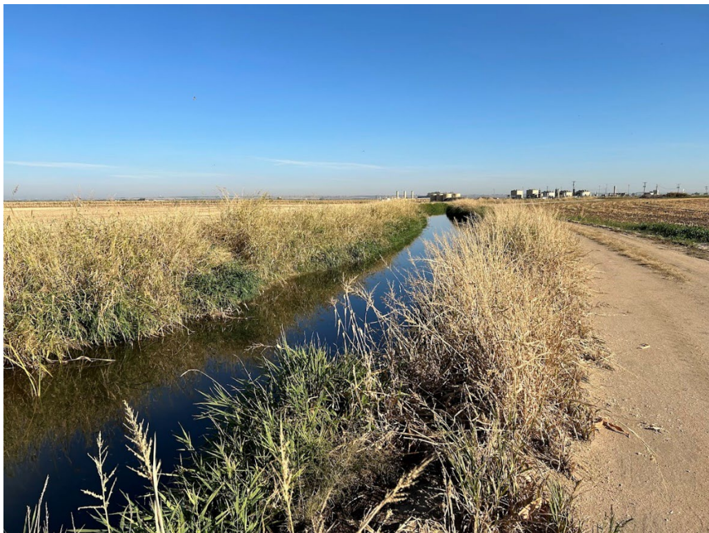
Photo 4: Farmers Independent Ditch along northern permit boundary.
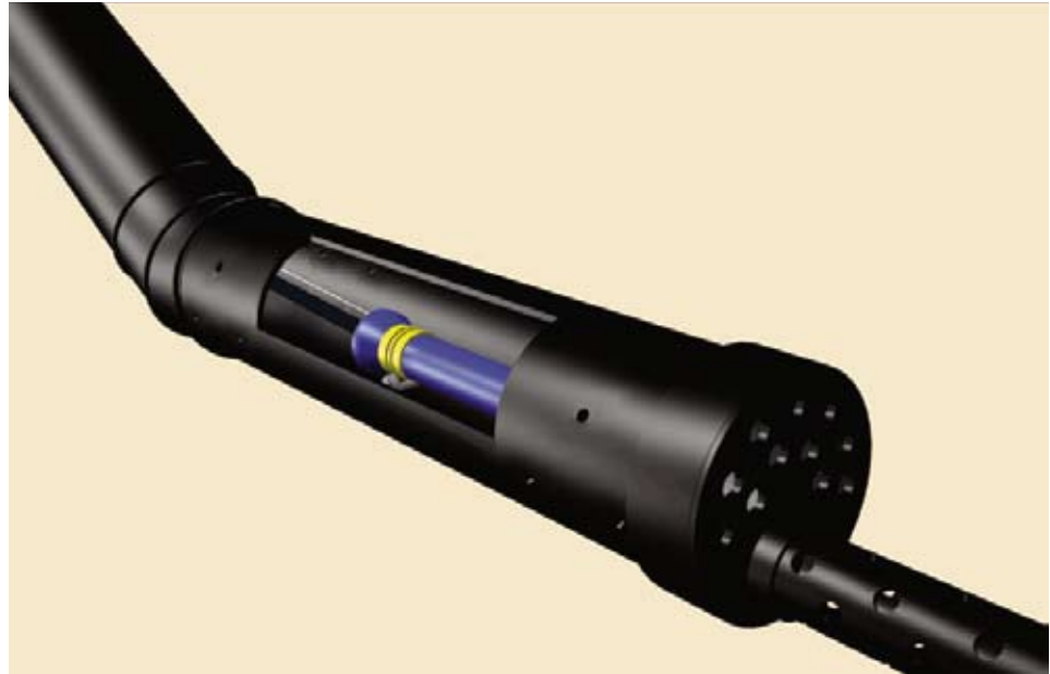
Figure 6: Side Slope Riser
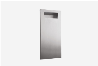
Combination Unit TSL.LM11
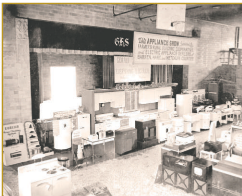
Sponsored by Farmers Rural Electric Cooperative and the electric appliance dealers of Barren, Hart and Metcalfe counties, the Appliance Show featured to latest appliances available on the market. The show was held at Glasgow High School.
☆ ☆ ☆ ☆
Brief =>
Tell how many lines of the data contain "Farmers". Nothing but the number belongs in the reply.

Expected output =>
2